• TASK TO COMPLETE
Every single entry must be restated word for word.

[Records excerpted from a collection]
◆ ◆ ◆

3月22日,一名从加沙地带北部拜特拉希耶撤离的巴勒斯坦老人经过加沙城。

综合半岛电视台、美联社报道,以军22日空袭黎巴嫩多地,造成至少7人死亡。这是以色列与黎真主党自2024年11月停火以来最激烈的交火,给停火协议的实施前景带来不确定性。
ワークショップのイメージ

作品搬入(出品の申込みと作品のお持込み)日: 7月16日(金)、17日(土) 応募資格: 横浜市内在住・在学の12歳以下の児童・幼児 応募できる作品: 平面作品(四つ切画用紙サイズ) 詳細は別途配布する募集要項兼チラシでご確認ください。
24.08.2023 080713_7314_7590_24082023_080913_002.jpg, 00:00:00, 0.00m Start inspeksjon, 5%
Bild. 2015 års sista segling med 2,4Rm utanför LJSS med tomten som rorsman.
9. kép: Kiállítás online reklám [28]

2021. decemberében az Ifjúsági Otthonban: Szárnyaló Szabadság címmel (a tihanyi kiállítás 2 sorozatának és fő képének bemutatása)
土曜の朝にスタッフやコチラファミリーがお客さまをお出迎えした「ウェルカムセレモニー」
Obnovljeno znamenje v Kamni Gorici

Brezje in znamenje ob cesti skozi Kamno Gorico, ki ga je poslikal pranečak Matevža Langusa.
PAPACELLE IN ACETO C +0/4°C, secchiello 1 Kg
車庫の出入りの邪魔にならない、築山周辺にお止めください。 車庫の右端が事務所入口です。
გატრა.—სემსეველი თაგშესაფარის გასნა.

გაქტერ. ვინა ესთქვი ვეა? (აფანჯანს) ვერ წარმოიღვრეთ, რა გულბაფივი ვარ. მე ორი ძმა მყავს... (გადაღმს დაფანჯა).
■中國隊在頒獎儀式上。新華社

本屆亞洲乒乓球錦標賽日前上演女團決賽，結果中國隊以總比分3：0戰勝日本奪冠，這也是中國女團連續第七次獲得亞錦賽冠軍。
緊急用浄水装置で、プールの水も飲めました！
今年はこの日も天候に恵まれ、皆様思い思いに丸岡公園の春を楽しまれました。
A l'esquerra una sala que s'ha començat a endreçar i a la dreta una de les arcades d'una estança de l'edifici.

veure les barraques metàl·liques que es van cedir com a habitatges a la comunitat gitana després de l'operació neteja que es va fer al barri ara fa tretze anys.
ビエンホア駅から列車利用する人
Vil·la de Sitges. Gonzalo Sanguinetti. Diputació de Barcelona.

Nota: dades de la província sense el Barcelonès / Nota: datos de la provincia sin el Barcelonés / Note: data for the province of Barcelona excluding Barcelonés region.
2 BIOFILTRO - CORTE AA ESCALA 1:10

◆ ◆ ◆

• TASK OUTPUT
3月22日,一名从加沙地带北部拜特拉希耶撤离的巴勒斯坦老人经过加沙城。

综合半岛电视台、美联社报道,以军22日空袭黎巴嫩多地,造成至少7人死亡。这是以色列与黎真主党自2024年11月停火以来最激烈的交火,给停火协议的实施前景带来不确定性。
ワークショップのイメージ

作品搬入(出品の申込みと作品のお持込み)日: 7月16日(金)、17日(土) 応募資格: 横浜市内在住・在学の12歳以下の児童・幼児 応募できる作品: 平面作品(四つ切画用紙サイズ) 詳細は別途配布する募集要項兼チラシでご確認ください。
24.08.2023 080713_7314_7590_24082023_080913_002.jpg, 00:00:00, 0.00m Start inspeksjon, 5%
Bild. 2015 års sista segling med 2,4Rm utanför LJSS med tomten som rorsman.
9. kép: Kiállítás online reklám [28]

2021. decemberében az Ifjúsági Otthonban: Szárnyaló Szabadság címmel (a tihanyi kiállítás 2 sorozatának és fő képének bemutatása)
土曜の朝にスタッフやコチラファミリーがお客さまをお出迎えした「ウェルカムセレモニー」
Obnovljeno znamenje v Kamni Gorici

Brezje in znamenje ob cesti skozi Kamno Gorico, ki ga je poslikal pranečak Matevža Langusa.
PAPACELLE IN ACETO C +0/4°C, secchiello 1 Kg
車庫の出入りの邪魔にならない、築山周辺にお止めください。 車庫の右端が事務所入口です。
გატრა.—სემსეველი თაგშესაფარის გასნა.

გაქტერ. ვინა ესთქვი ვეა? (აფანჯანს) ვერ წარმოიღვრეთ, რა გულბაფივი ვარ. მე ორი ძმა მყავს... (გადაღმს დაფანჯა).
■中國隊在頒獎儀式上。新華社

本屆亞洲乒乓球錦標賽日前上演女團決賽，結果中國隊以總比分3：0戰勝日本奪冠，這也是中國女團連續第七次獲得亞錦賽冠軍。
緊急用浄水装置で、プールの水も飲めました！
今年はこの日も天候に恵まれ、皆様思い思いに丸岡公園の春を楽しまれました。
A l'esquerra una sala que s'ha començat a endreçar i a la dreta una de les arcades d'una estança de l'edifici.

veure les barraques metàl·liques que es van cedir com a habitatges a la comunitat gitana després de l'operació neteja que es va fer al barri ara fa tretze anys.
ビエンホア駅から列車利用する人
Vil·la de Sitges. Gonzalo Sanguinetti. Diputació de Barcelona.

Nota: dades de la província sense el Barcelonès / Nota: datos de la provincia sin el Barcelonés / Note: data for the province of Barcelona excluding Barcelonés region.
2 BIOFILTRO - CORTE AA ESCALA 1:10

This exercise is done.